• Data section
****
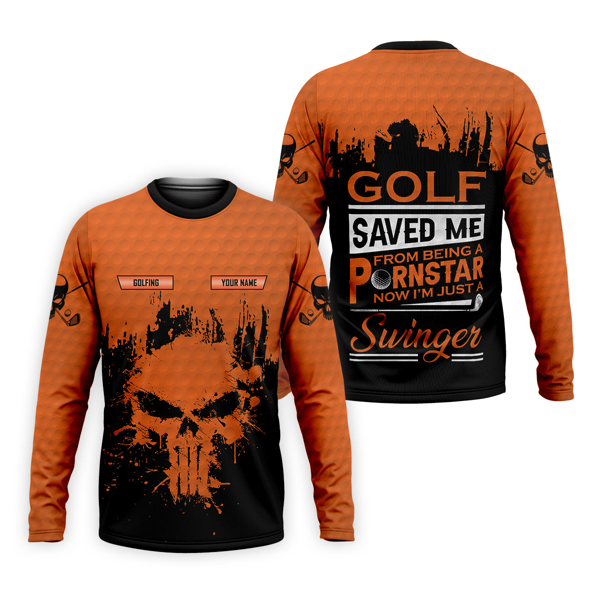 Golf Saved Me From Being A Porn Star Now I'm Just A Swinger Custom Skull Golf Polo Shirt, Dad Golf Gift
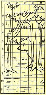 森林里突然出现了一只探头探脑的熊。你能从上图中找出完全相同的方格来吗?仔细一点哦,它们的方向可能不一样。
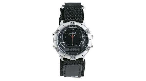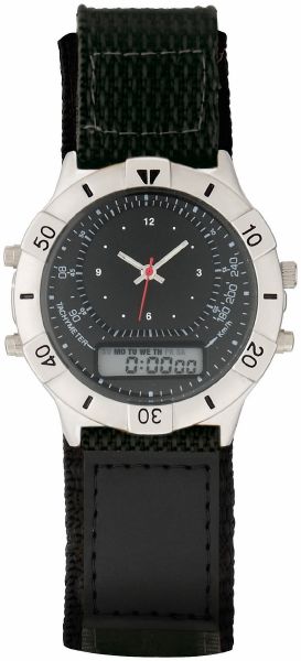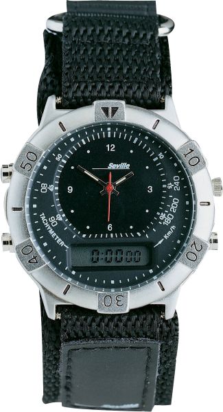 Seville. Digital functions : calendar,date, month and year, chrono with minutes, seconds, and 1/100 sec, elapse time, alarm facility. Case dimension : 39.25 mm. Printing diameter : 14 mm. Brushed chrome metal case with rotating bezel. Black mask. 3 ATM water resistant. 20 mm black Velcro strap.
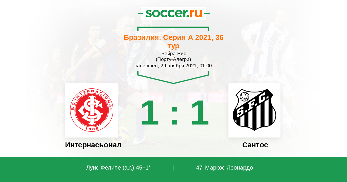 47' (1:1) Маркос Леонардо (36) (Данило (22))
****
• Your goal
The answer must be the lines above from the line that contains "Seville. Digital functions" to the final line of the data, word for word, with no pictures.

• Solution to the exercise
 Seville. Digital functions : calendar,date, month and year, chrono with minutes, seconds, and 1/100 sec, elapse time, alarm facility. Case dimension : 39.25 mm. Printing diameter : 14 mm. Brushed chrome metal case with rotating bezel. Black mask. 3 ATM water resistant. 20 mm black Velcro strap.
 47' (1:1) Маркос Леонардо (36) (Данило (22))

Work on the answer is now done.